▶ Exercise goal
From the line with "I had not previously" through the line with "Ovládací panel umožňuje", repeat the entries verbatim, both end lines included, and add nothing.

▶ Data shown

[Start of Attachment]

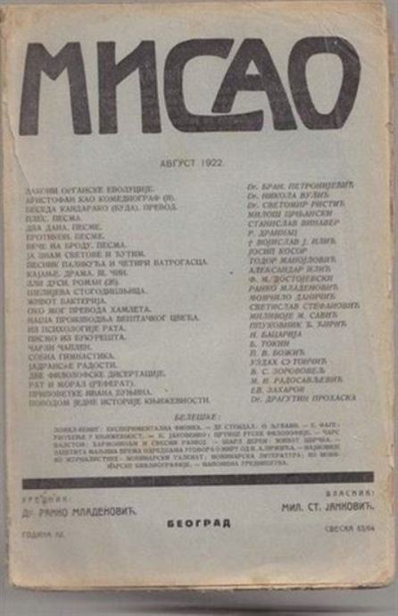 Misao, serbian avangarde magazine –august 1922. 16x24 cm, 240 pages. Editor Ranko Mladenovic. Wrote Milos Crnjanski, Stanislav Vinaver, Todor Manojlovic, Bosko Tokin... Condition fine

[End of Attachment]
[Start of Attachment]

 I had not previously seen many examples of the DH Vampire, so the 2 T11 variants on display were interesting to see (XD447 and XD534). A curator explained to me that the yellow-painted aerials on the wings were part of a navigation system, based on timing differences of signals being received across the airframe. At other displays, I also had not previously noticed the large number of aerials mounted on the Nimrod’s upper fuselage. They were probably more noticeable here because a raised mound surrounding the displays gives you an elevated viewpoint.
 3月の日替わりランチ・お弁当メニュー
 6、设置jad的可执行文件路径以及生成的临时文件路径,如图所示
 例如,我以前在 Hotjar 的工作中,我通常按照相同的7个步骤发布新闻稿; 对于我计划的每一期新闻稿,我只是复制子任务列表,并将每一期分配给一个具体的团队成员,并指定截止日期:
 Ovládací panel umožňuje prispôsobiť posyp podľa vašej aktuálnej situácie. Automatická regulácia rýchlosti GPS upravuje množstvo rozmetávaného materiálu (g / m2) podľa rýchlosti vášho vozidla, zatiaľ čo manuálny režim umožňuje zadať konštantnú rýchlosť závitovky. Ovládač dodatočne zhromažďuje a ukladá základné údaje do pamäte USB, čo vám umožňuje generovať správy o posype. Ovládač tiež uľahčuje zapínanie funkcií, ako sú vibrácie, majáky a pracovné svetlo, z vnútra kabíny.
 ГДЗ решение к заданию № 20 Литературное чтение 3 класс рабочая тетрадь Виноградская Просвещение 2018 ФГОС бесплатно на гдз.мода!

[End of Attachment]

▶ Your solution
 I had not previously seen many examples of the DH Vampire, so the 2 T11 variants on display were interesting to see (XD447 and XD534). A curator explained to me that the yellow-painted aerials on the wings were part of a navigation system, based on timing differences of signals being received across the airframe. At other displays, I also had not previously noticed the large number of aerials mounted on the Nimrod’s upper fuselage. They were probably more noticeable here because a raised mound surrounding the displays gives you an elevated viewpoint.
 3月の日替わりランチ・お弁当メニュー
 6、设置jad的可执行文件路径以及生成的临时文件路径,如图所示
 例如,我以前在 Hotjar 的工作中,我通常按照相同的7个步骤发布新闻稿; 对于我计划的每一期新闻稿,我只是复制子任务列表,并将每一期分配给一个具体的团队成员,并指定截止日期:
 Ovládací panel umožňuje prispôsobiť posyp podľa vašej aktuálnej situácie. Automatická regulácia rýchlosti GPS upravuje množstvo rozmetávaného materiálu (g / m2) podľa rýchlosti vášho vozidla, zatiaľ čo manuálny režim umožňuje zadať konštantnú rýchlosť závitovky. Ovládač dodatočne zhromažďuje a ukladá základné údaje do pamäte USB, čo vám umožňuje generovať správy o posype. Ovládač tiež uľahčuje zapínanie funkcií, ako sú vibrácie, majáky a pracovné svetlo, z vnútra kabíny.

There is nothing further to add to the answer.